Figure 3: The structure of different modules: (a) the proposed Large Kernel Attention (LKA); (b) non-attention module; (c) the self-attention module (d) a stage of our Visual Attention Network (VAN). CFF means convolutional feed-forward network. The difference between (a) and (b) is the element-wise multiply.
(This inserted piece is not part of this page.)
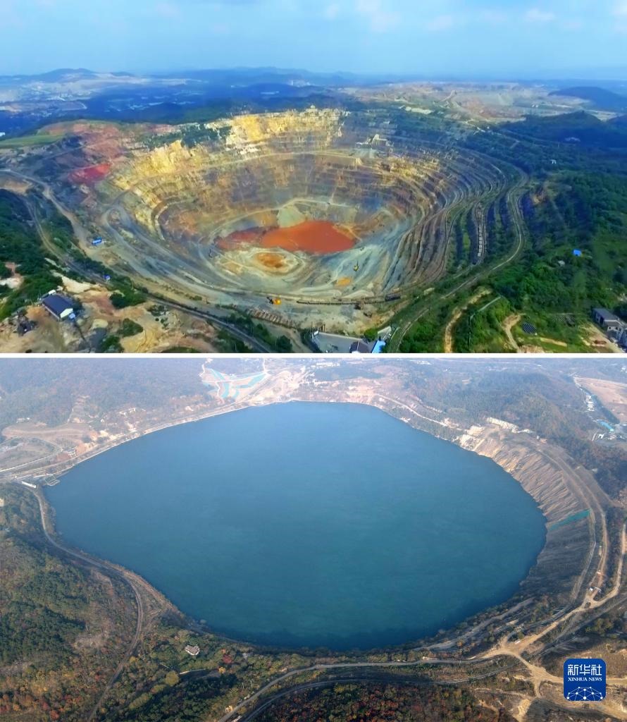 拼版照片:上圖為開采中的安徽省馬鞍山市雨山區(qū)向山鎮(zhèn)凹山采場(chǎng)(資料照片),下圖為生態(tài)修復(fù)后的凹山采場(chǎng)(新華社記者劉軍喜11月8日攝,無人機(jī)照片)。新華社發(fā)

It is worth noting that (c) is designed for 1D sequences. .

## Image Classification

Data prepare: ImageNet with the following folder structure.

```
│imagenet/
├──train/
│  ├── n01440764
│  │   ├── n01440764_10026.JPEG
│  │   ├── n01440764_10027.JPEG
│  │   ├── ......
│  ├── ......
├──val/
│  ├── n01440764
│  │   ├── ILSVRC2012_val_00000293.JPEG
│  │   ├── ILSVRC2012_val_00002138.JPEG
│  │   ├── ......
│  ├── ......
```


### 2. VAN Models

| Model     | #Params(M) | GFLOPs | Top1 Acc(%) |                           Download                           |
| :-------- | :--------: | :----: | :---------: | :----------------------------------------------------------: |
| VAN-Tiny  |    4.1     |  0.9   |    75.4     |[Google Drive](https://drive.google.com/file/d/1KYoIe1Zl3ZaPCwRuvnpkLyOEK04JKemu/view?usp=sharing), [Tsinghua Cloud](https://cloud.tsinghua.edu.cn/f/aada2242a16245d6a561/?dl=1), [Hugging Face 🤗](https://huggingface.co/Visual-Attention-Network/VAN-Tiny-original) |
| VAN-Small |    13.9    |  2.5   |    81.1     |[Google Drive](https://drive.google.com/file/d/1LFsJHwxAs1TcXAjJ28G86_jwYwV8DzuG/view?usp=sharing), [Tsinghua Cloud](https://cloud.tsinghua.edu.cn/f/dd3eb73692f74a2499c9/?dl=1), [Hugging Face 🤗](https://huggingface.co/Visual-Attention-Network/VAN-Small-original) |
| VAN-Base  |    26.6    |  5.0   |    82.8     |[Google Drive](https://drive.google.com/file/d/1qApsgXCbngNYOji2UzJsfeEsPOu6dBo3/view?usp=sharing), [Tsinghua Cloud](https://cloud.tsinghua.edu.cn/f/58e7acceaf334ecdba89/?dl=1),[Hugging Face 🤗](https://huggingface.co/Visual-Attention-Network/VAN-Base-original), |
| VAN-Large |    44.8    |  9.0   |    83.9     |[Google Drive](https://drive.google.com/file/d/10n6u-W3IrqiCD-7wkotejV_1XiS9kuWF/view?usp=sharing), [Tsinghua Cloud](https://cloud.tsinghua.edu.cn/f/0201745f6920482490a0/?dl=1), [Hugging Face 🤗](https://huggingface.co/Visual-Attention-Network/VAN-Large-original) |
| VAN-Huge  |    TODO    |  TODO  |    TODO     |                             TODO                             |

Unofficial [keras (tensorflow)](https://github.com/shkarupa-alex/tfvan) version.


### 3.Requirement

```
1. Pytorch >= 1.7
2. timm == 0.4.12
```

### 4. Train 

We use 8 GPUs for training by default.  Run command (It has been writen in train.sh):

```bash
MODEL=van_tiny # van_{tiny, small, base, large}
DROP_PATH=0.1 # drop path rates [0.1, 0.1, 0.1, 0.2] for [tiny, small, base, large]
CUDA_VISIBLE_DEVICES=0,1,2,3,4,5,6,7 bash distributed_train.sh 8 /path/to/imagenet \
	  --model $MODEL -b 128 --lr 1e-3 --drop-path $DROP_PATH
```


### 5. Validate

Run command (It has been writen in eval.sh) as:


```bash
MODEL=van_tiny # van_{tiny, small, base, large}
python3 validate.py /path/to/imagenet --model $MODEL \
  --checkpoint /path/to/model -b 128

```

## 6.Acknowledgment

Our implementation is mainly based on [pytorch-image-models](https://github.com/rwightman/pytorch-image-models) and [PoolFormer](https://github.com/sail-sg/poolformer). Thanks for their authors. 


## LICENSE

This repo is under the Apache-2.0 license. For commercial use, please contact the authors.